DESCRIPTION OF THE TASK |
A faithful copy of the data is what is wanted, minus any pictures.

SUPPLIED INFORMATION |
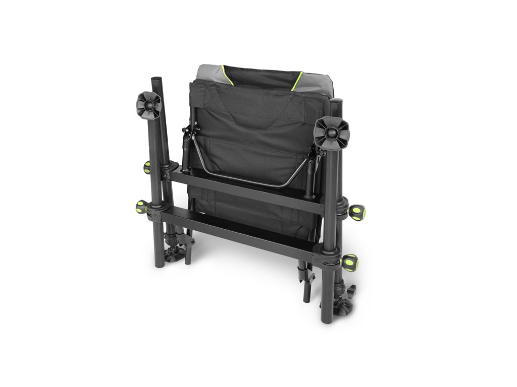 Exkluzivní feederové křeslo, spojující vlastnosti klasických rybářských křesel a luxusních závodních beden.Je postaveno na pevném kovovém rámu se čtyřmi otvory pro výsuvné nohy, které jsou vybaveny mohutnými šrouby s velkými pogumovanými madly. Šrouby jsou otočné kolem osy otvoru a tím pádem je lze zatáhnout ve více pozicích, čímž poskytují větší variabilitu během nastavování výšky nohou. Hrubé hliníkové nohy disponují velkými patkami s kloubovým uchycením a jsou tedy nastavitelné pro různý sklon a nerovnosti terénu. Přední nohy jsou zároveň teleskopické a také výsuvné z kovové konstrukce, takže zvládnou také lov na hrázích a jiných šikmých plochách.
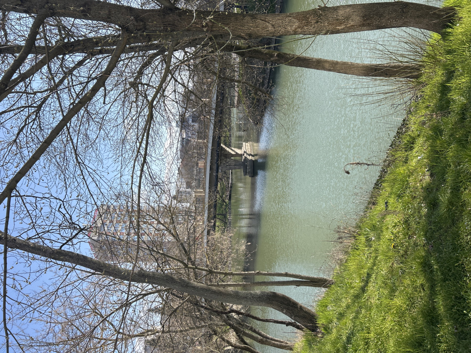 - "The image depicts a daytime outdoor scene in Yambol, Bulgaria, characterized by a river flowing under a bridge, framed by bare trees, under a clear blue sky" by FM-e3q8h1, licensed under CC BY 4.0
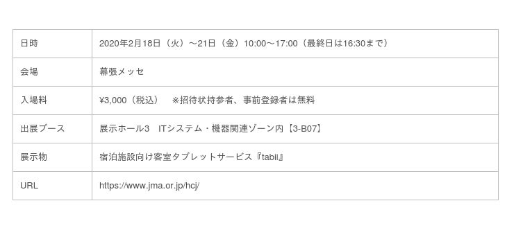 and factory株式会社は、2020年2月18日(火)~21日(金)に幕張メッセにて開催される展示会「第48回 国際ホテル・レストラン・ショー」に客室タブレットサービス『tabii(タビー)』を出展いたします。
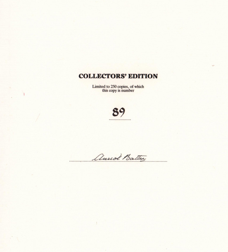Collectors’ Edition limited to 250 copies of which this copy in number 89. Signed by the author.

OUTPUT BELOW |
 Exkluzivní feederové křeslo, spojující vlastnosti klasických rybářských křesel a luxusních závodních beden.Je postaveno na pevném kovovém rámu se čtyřmi otvory pro výsuvné nohy, které jsou vybaveny mohutnými šrouby s velkými pogumovanými madly. Šrouby jsou otočné kolem osy otvoru a tím pádem je lze zatáhnout ve více pozicích, čímž poskytují větší variabilitu během nastavování výšky nohou. Hrubé hliníkové nohy disponují velkými patkami s kloubovým uchycením a jsou tedy nastavitelné pro různý sklon a nerovnosti terénu. Přední nohy jsou zároveň teleskopické a také výsuvné z kovové konstrukce, takže zvládnou také lov na hrázích a jiných šikmých plochách.
 - "The image depicts a daytime outdoor scene in Yambol, Bulgaria, characterized by a river flowing under a bridge, framed by bare trees, under a clear blue sky" by FM-e3q8h1, licensed under CC BY 4.0
 and factory株式会社は、2020年2月18日(火)~21日(金)に幕張メッセにて開催される展示会「第48回 国際ホテル・レストラン・ショー」に客室タブレットサービス『tabii(タビー)』を出展いたします。
Collectors’ Edition limited to 250 copies of which this copy in number 89. Signed by the author.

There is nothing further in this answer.